WHAT YOU WILL DO: Images are to be left out when the records below are printed word for word.

----

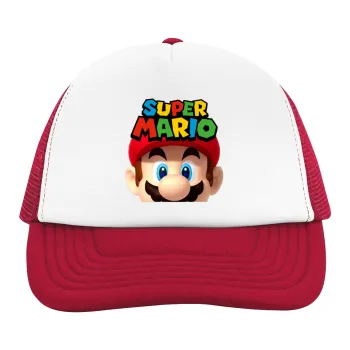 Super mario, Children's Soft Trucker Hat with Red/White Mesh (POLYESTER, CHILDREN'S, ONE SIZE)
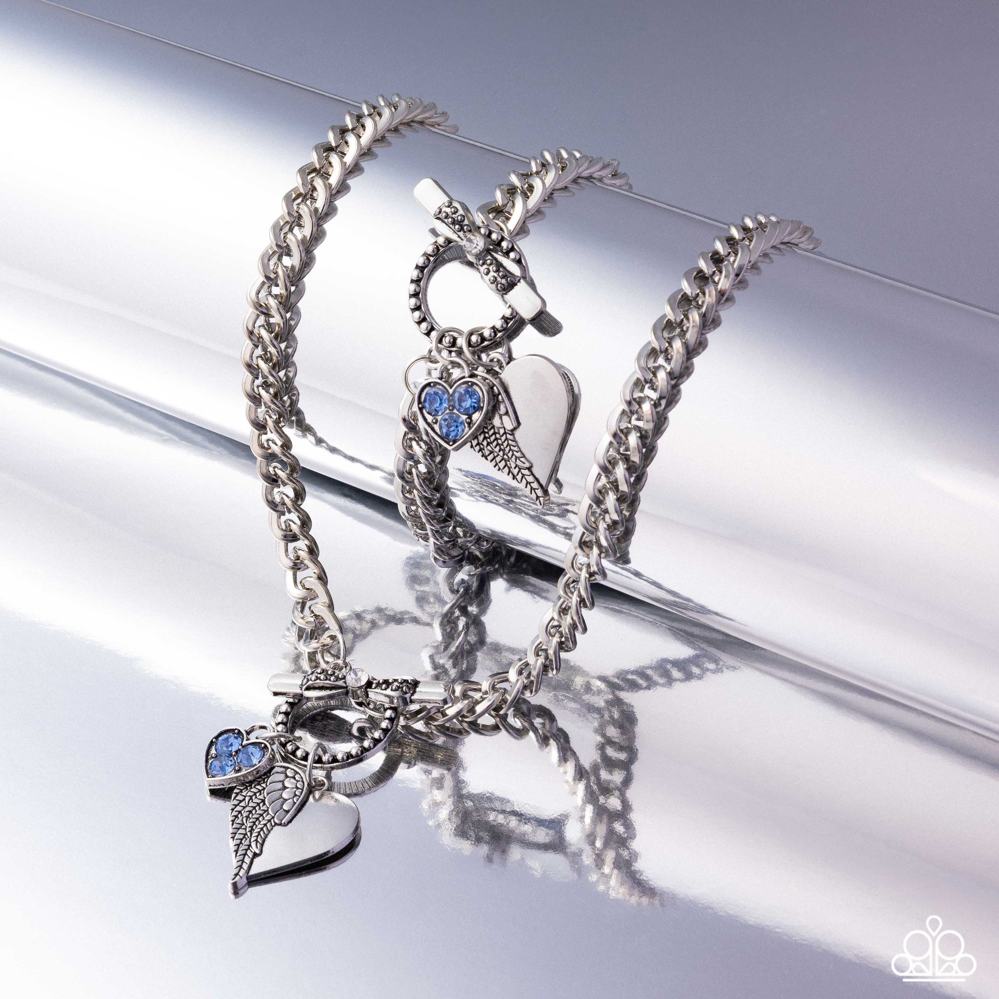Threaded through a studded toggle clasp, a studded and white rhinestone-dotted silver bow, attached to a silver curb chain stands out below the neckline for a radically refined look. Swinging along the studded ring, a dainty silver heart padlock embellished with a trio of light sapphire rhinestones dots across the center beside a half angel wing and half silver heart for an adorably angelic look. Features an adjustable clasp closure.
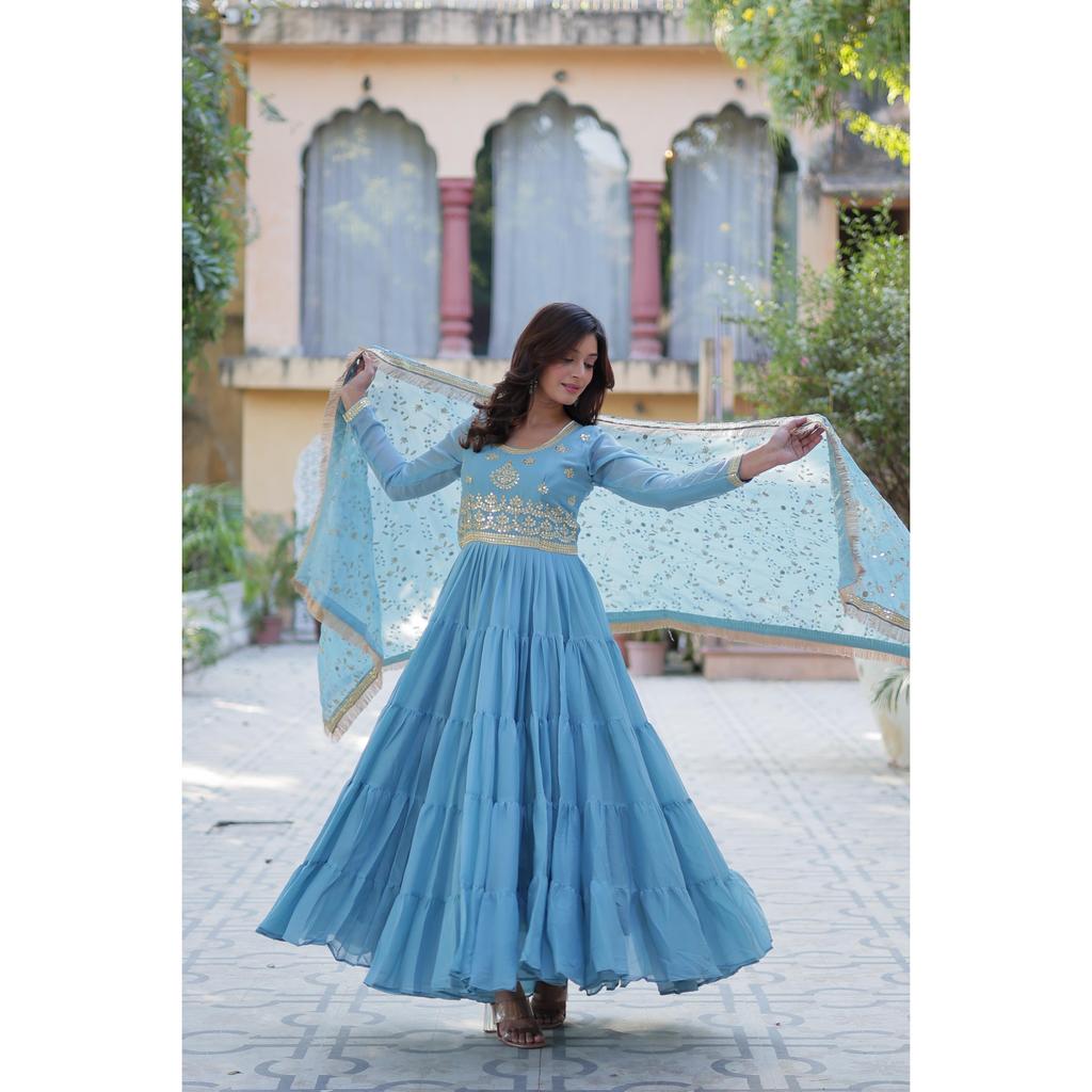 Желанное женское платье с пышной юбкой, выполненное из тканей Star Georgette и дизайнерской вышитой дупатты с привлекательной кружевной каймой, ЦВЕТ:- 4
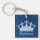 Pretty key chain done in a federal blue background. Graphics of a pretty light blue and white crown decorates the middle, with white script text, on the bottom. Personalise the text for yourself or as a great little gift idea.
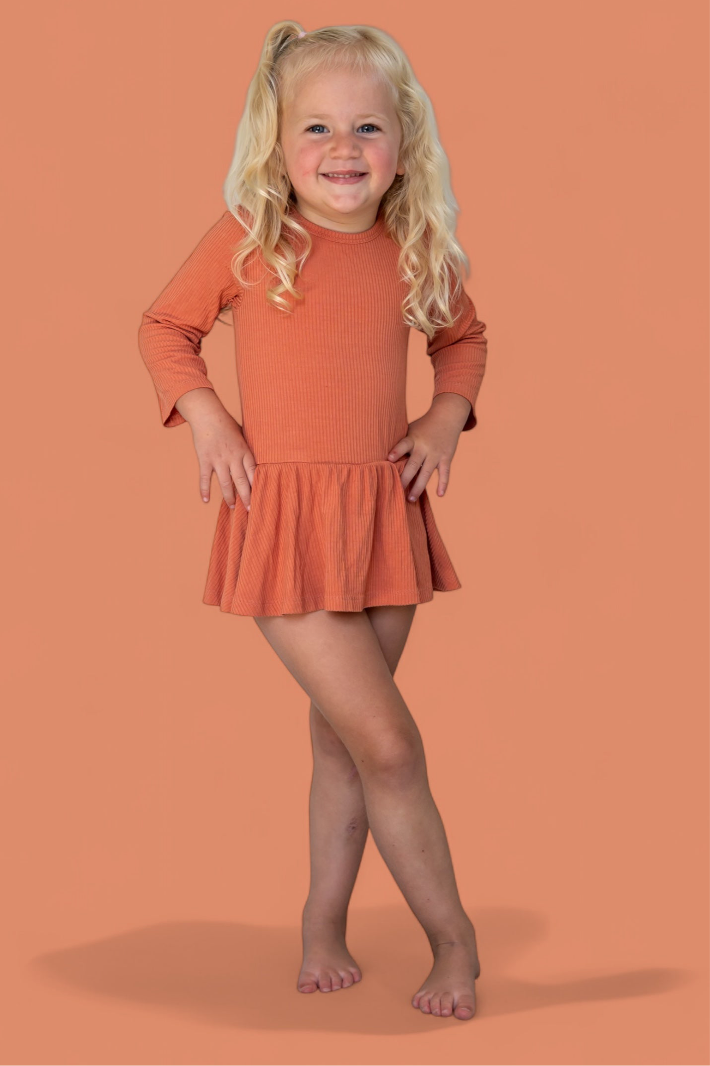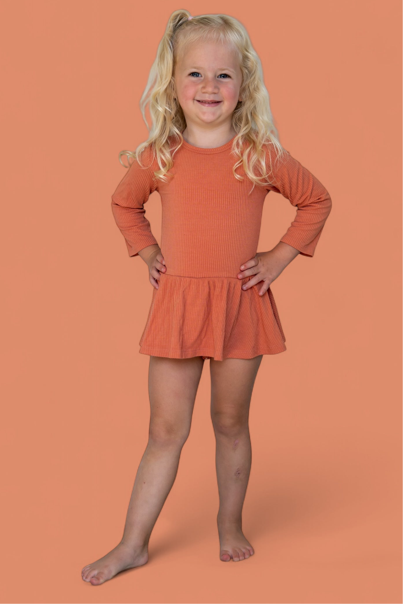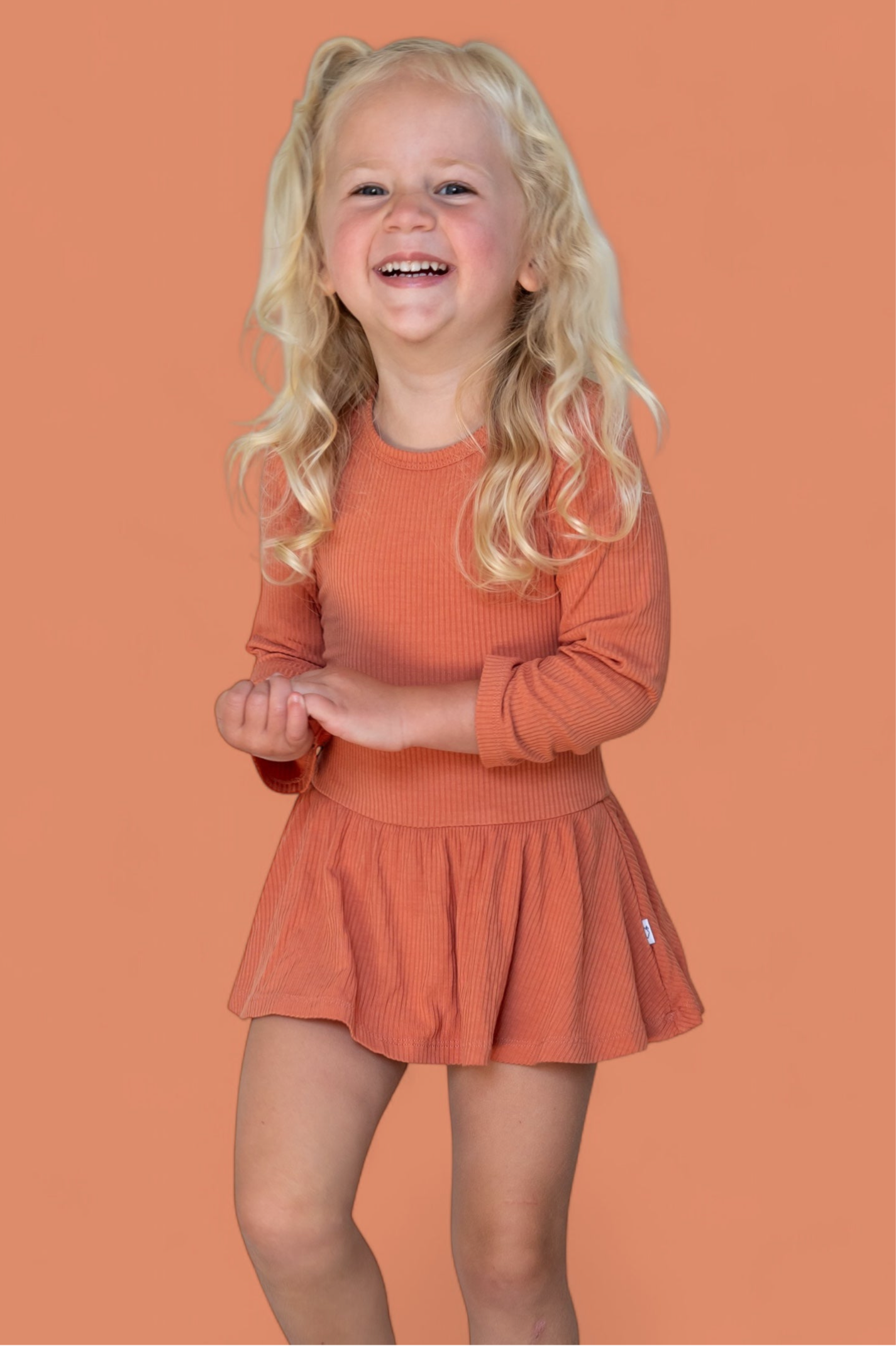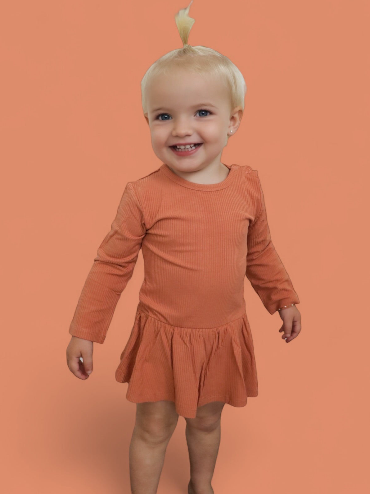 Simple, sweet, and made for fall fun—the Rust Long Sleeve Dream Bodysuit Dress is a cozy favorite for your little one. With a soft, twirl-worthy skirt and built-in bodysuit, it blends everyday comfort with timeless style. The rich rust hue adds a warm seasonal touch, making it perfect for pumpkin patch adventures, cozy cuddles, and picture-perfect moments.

----

OUTPUT FOR THIS EXERCISE:
 Super mario, Children's Soft Trucker Hat with Red/White Mesh (POLYESTER, CHILDREN'S, ONE SIZE)
Threaded through a studded toggle clasp, a studded and white rhinestone-dotted silver bow, attached to a silver curb chain stands out below the neckline for a radically refined look. Swinging along the studded ring, a dainty silver heart padlock embellished with a trio of light sapphire rhinestones dots across the center beside a half angel wing and half silver heart for an adorably angelic look. Features an adjustable clasp closure.
 Желанное женское платье с пышной юбкой, выполненное из тканей Star Georgette и дизайнерской вышитой дупатты с привлекательной кружевной каймой, ЦВЕТ:- 4
 Pretty key chain done in a federal blue background. Graphics of a pretty light blue and white crown decorates the middle, with white script text, on the bottom. Personalise the text for yourself or as a great little gift idea.
 Simple, sweet, and made for fall fun—the Rust Long Sleeve Dream Bodysuit Dress is a cozy favorite for your little one. With a soft, twirl-worthy skirt and built-in bodysuit, it blends everyday comfort with timeless style. The rich rust hue adds a warm seasonal touch, making it perfect for pumpkin patch adventures, cozy cuddles, and picture-perfect moments.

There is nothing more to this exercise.